Prunus Lusitanica are often used as hedging due to their dense, evergreen appearance which provides a bright-green look all year around. They can grow fairly tall, though pruning each year will be required to keep them tidy and retain the required height. When the shrub flowers, bees are particularly attracted to it, and in dense bushes birds will often make nests.

Tolerant of most conditions except deep share and exposed locations.


Privet by many are considered a shrub from yesteryear, having been relatively common in gardens as hedging during the post-war period. They are however seen as relatively boring, with masses of small green leaves.

Buddleja / Buddleia

Buddleja is a shrub which will need to be maintained carefully to grow as a hedge, and is better suited to informal situations. Leaving them unmaintained, due to their vigorous growth, will cause an unkempt appearance. However, they are rewarding due to the mass of flowers which are attractive to bees and butterflies in summer.

Ideally suited to full sun, though will tolerate part shade.

Ilex (Holly)

Ilex are commonly used for hedgerows, and are particularly well known for their prickly leaves. They grow densely, and are ideal homes for birds due to the protection afforded by the spiny leaves and food provided by berries, depending on the variety which has been chosen. Be aware that not all species are evergreen.

Planting is possible in positions featuring full sun to full shade, and even in exposed conditions.

The rate of growth is relatively slow at around fifteen centimetres a year, so care will be needed in selecting for the desired height.

Small Hedgerows

Buxus (Box)

Buxus are commonly used in formal gardens for low-height shrubs which line paths, or provide a boundary on borders. The plant is similar to Privet in that it can be shaped or clipped neatly. However, it can be subject to Box Blight which is a fungal infection that has no cure, and can even affect newly planted shrubs in beds where the disease previously existed. Severe de-foliation of the plant may also be caused by caterpillars in a short period.

Lavandula (Lavender)

Lavandula is suitable for the creation of low-height hedgerows, and has the added benefit of silver-green colouring, as well as flowers which are highly attractive to bees and butterflies. It requires a site in full sun, and care in pruning after flowering has finished to ensure that you do not cut into old wood, as this will generally not regrow new shoots.

It is important however to ensure that the soil drains freely, which can be done by adding grit.


Hebe come in two general types, small-leaved and large-leaved. Both types like areas which are sunny or partly sunny, with flowers forming at various times of the year depending on the variety.
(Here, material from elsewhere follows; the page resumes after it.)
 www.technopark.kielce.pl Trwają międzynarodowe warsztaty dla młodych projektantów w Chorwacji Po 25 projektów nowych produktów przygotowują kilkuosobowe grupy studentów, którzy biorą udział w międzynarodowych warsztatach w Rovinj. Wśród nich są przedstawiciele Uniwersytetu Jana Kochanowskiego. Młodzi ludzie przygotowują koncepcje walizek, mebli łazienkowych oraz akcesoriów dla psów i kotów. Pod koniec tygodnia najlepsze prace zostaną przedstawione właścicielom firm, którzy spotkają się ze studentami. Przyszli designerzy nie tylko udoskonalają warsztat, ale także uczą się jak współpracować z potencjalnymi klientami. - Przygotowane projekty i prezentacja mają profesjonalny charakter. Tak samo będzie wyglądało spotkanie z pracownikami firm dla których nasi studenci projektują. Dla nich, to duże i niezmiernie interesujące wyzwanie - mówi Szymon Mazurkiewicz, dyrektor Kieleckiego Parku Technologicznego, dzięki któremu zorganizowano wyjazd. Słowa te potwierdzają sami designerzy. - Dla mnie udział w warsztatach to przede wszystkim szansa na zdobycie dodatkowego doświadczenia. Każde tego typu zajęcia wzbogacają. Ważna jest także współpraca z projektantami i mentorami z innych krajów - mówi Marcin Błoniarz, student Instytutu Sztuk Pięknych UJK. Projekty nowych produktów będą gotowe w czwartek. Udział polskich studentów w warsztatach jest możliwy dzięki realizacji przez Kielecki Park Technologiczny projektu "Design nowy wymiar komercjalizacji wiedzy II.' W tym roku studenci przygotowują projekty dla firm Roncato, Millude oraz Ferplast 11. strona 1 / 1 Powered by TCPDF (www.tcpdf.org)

In particularly cold areas, care will be needed for large-leaved variants as they can be damaged by frost. This could mean covering with a fleece or other insulating material, or ensuring planting is made in a sheltered location. Although, the damage may be pruned out and regrowth will occur relatively quickly, this may be leave unsightly areas until the plant repairs itself, with the smaller-leaved varieties not generally recovering from pruning as well as the large-leaved types.

Santolina (Cotton Lavender)

Santolina have silver or green foliage depending on the variety. They have a use as dwarf hedging up to one metre in height, but the plants can be short-lived.
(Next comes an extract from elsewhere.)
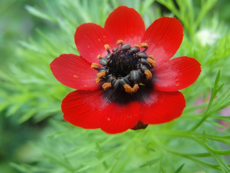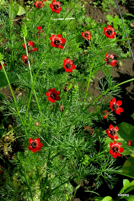 Liście ma wielokrotnie pierzastosieczne o wąskich odcinkach. Kwiaty na szczytach pędów zwracające uwagę intensywnym, czerwonym kolorem.
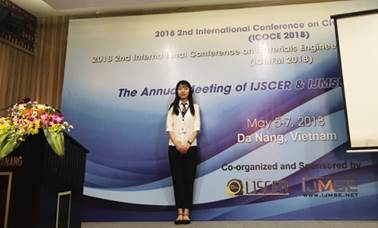 制药工程专业一年级硕士研究生郭章星也出席了3rd International Conference on Civil Engineering and Materials Science (ICCEMS 2018) 会议并作题为“The preparation and characterization for series of supported ionic liquid-type functional materials”的研究报告。参加具有国际视野的学术交流一直是NT动漫

They must be planted in full sun in a sheltered location, and the soil must be well-drained. They should also be pruned back every few years to prevent the plant becoming leggy and featuring too much bare wood.
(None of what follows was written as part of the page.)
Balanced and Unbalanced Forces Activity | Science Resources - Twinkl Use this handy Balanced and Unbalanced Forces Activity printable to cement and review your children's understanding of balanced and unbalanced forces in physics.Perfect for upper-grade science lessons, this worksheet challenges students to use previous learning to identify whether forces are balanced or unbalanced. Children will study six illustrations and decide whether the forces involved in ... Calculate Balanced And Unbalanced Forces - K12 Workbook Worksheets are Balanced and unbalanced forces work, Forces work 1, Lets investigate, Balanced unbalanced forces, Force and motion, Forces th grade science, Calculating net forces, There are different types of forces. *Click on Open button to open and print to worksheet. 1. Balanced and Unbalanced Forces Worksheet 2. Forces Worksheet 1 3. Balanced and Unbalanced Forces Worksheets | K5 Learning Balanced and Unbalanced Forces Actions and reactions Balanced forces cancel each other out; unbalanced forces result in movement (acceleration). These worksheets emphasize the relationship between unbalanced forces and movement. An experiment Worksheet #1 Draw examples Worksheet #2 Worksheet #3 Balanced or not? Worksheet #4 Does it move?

Fuchsia is a shrub which can be planted for hedging in warmer parts of the country, and in some locations may even be made into a large hedgerow. Attempts to grow it in colder areas however will almost certainly result in failure, as can sharp frosts. A large number of varieties are available, so care will need to be taken to choose one which grows into a bushy, upright form.

Fuchsia require a site in full sun. Some protection via a heavy mulch should be provided for winter as well as protection from cold drying winds.